Allah ın adaletinin tecelli ettiğini görmek sevindirici. Gerçekten dindar bir insanın herhangi bir insanın ölümüne sevineceğini düşünmüyorum ama abd vatandaşlarının remember gaza yorumlarına verdikleri tepkileri görünce müslümanlar mı barbar yoksa onlar mı anlar mısınız? Hala daha ama gazze deki çocuklar büyüyünce terörist olacaktı yazıyorlar. Çocuktu onlar yalnızca çocuk.
7 aydır sarışınım ama siyah saçı çok özledim. Yaza kadar işlem yaptırmayıp yazın siyaha dönmeyi planlıyorum. Ölmezsem tabi. Sarı saç gerçekten zor. Bir yıl ara verdiğimde saçlarım öyle güçlenmiş ve uzamıştı ki. Sağlıklı ve güçlü siyah saçı yıpranmış sarı saça tercih ederim.
Bir arkadaşım annesinin vefatından sonra tırnaklarını yemeye başlamış istemsizce. Sonra bir çözüm aramış ve jel tırnak yaptırmış. Şu an istese de yiyemez. Çok kötü kokuyormuş. Böyle bir sorunu olan kadınlar deneyebilir.

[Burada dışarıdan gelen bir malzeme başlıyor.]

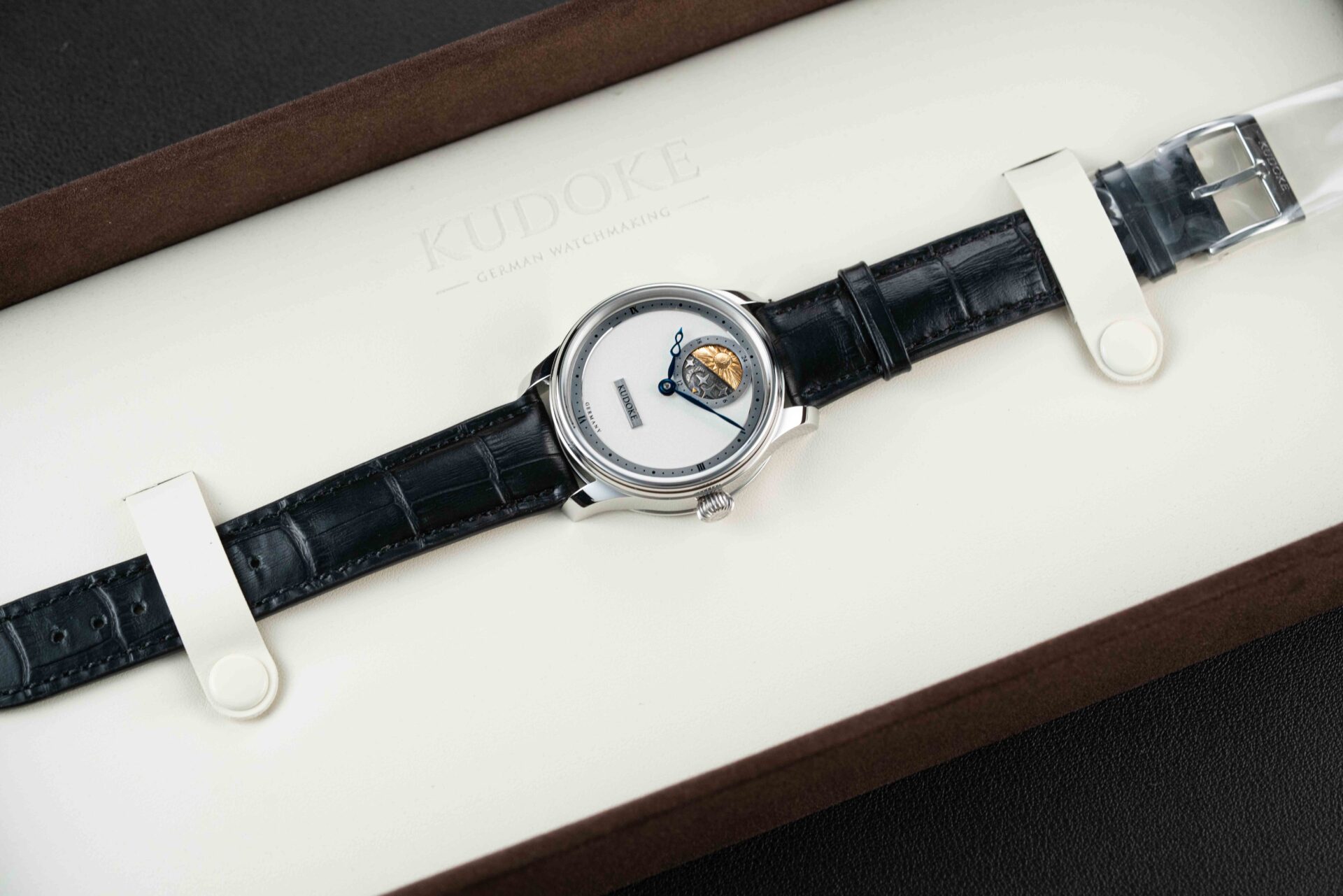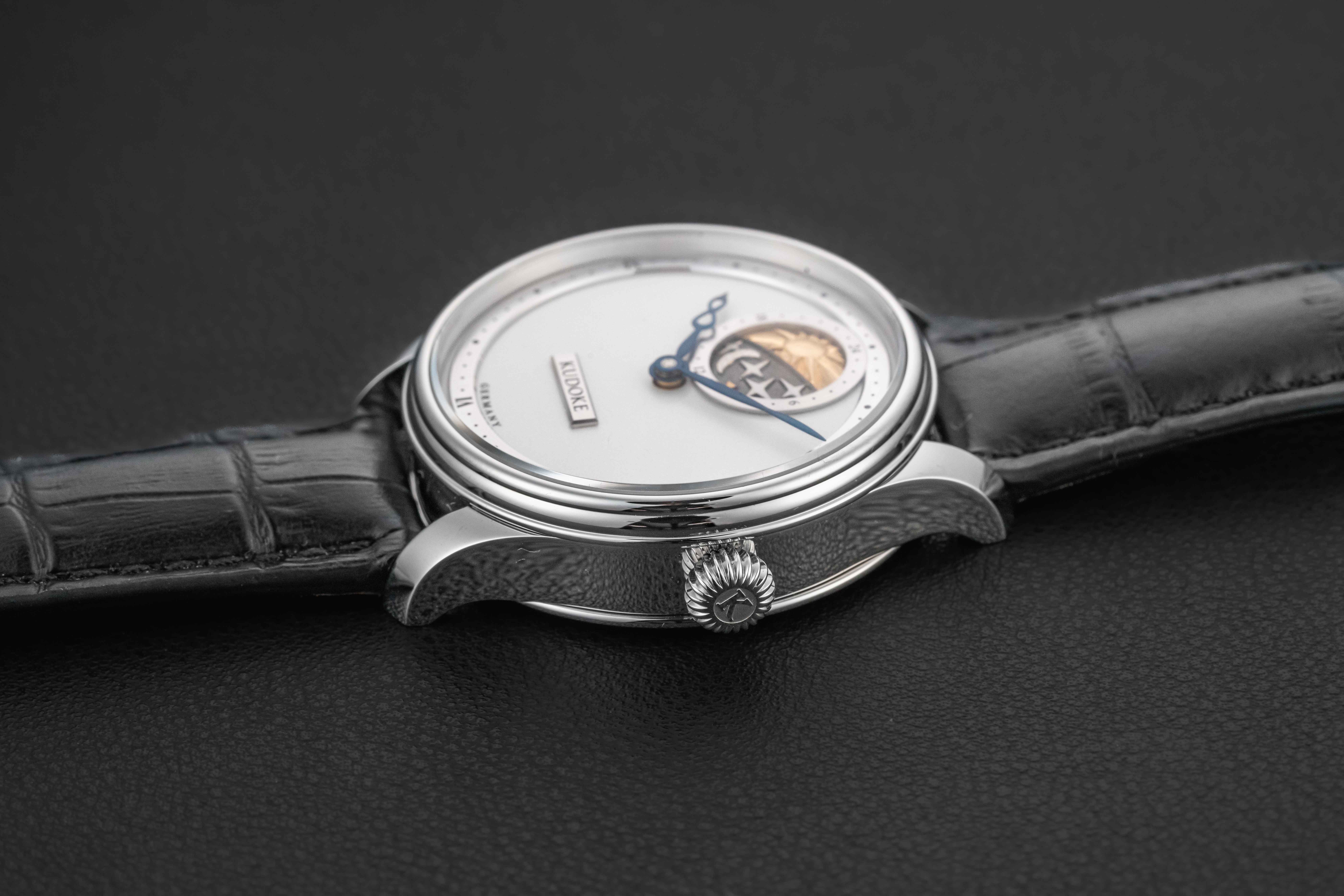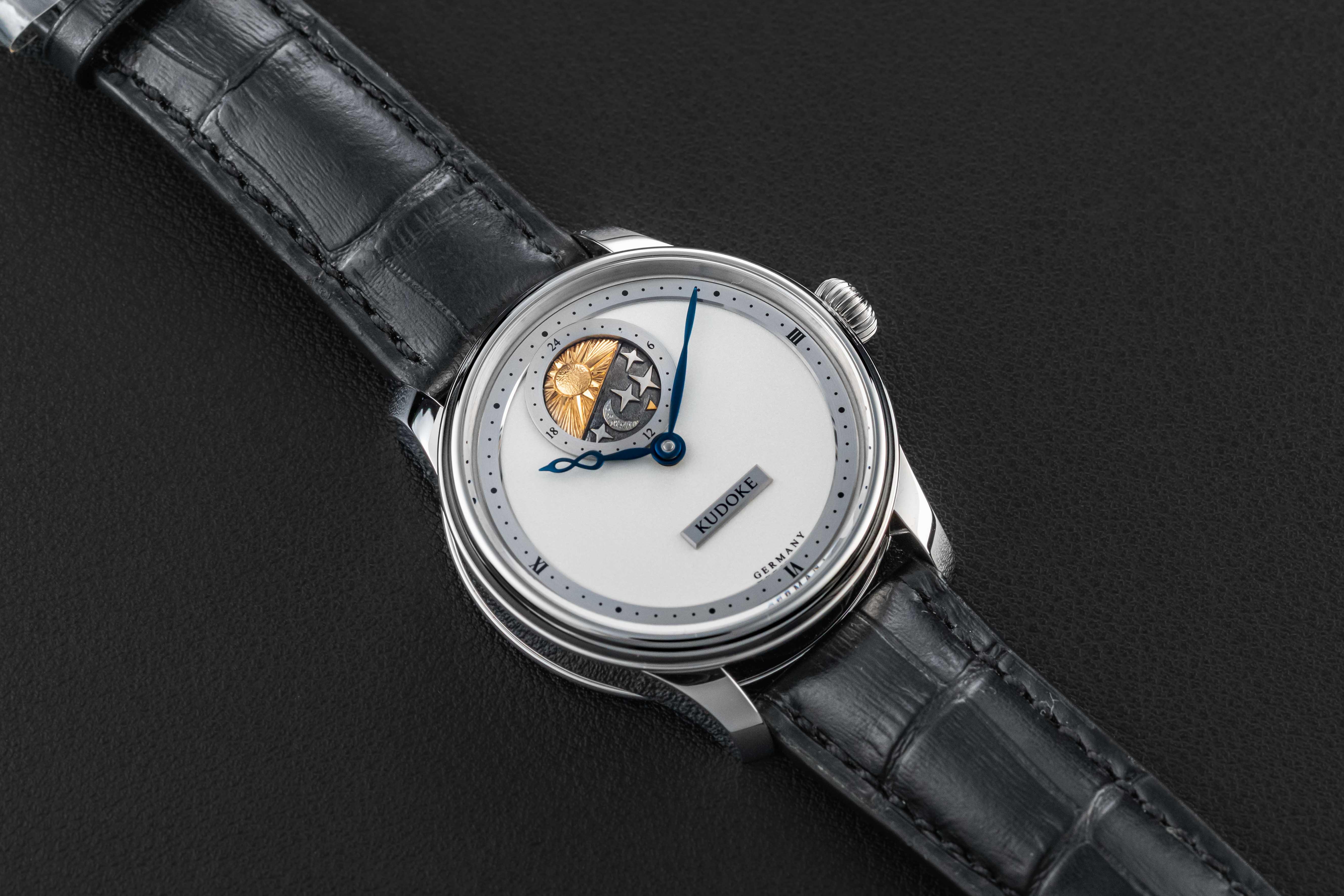 Offered here is a very rare and beautiful watch from the German independent outfit, Kudoke. The Kudoke 2 is a continuation of the first Kudoke 24-Hour model, beautifully hand-crafted with a stunning silver/white dial and day-date 24-hour indicator disk at 12 o’clock. These watches are extremely desirable, and sell out upon release; there is an alleged 12-month wait list just for the opportunity to be considered to purchase one. This Kudoke 2 remains unworn/new, and comes complete with its original Kudoke boxes and paperwork, as sold new.

Geçen gün bir kafede oturuyorum ve arka masada oturan ufacık çocuklar şunları konuşuyordu "silahı annenden nasıl saklayacaksın?" , "o motoru sürecek ben dükkana kurşun sıkacağım, yapamayacağım sanıyor o", "kayra'yı döveceğiz" , "çakallarla dans 7'yi izledin mi? Dur anlatma bende izleyeceğim" , "abi ben namaza başlayacağım."
Gençlik nereye gidiyor? Gerçekten içlerinde bir iyilik var görüyorum hepsi de güzel çocuklar ama neden böyle işlere özeniyorlar ? Aileler ilgilenmiyor bence. Çok üzücü.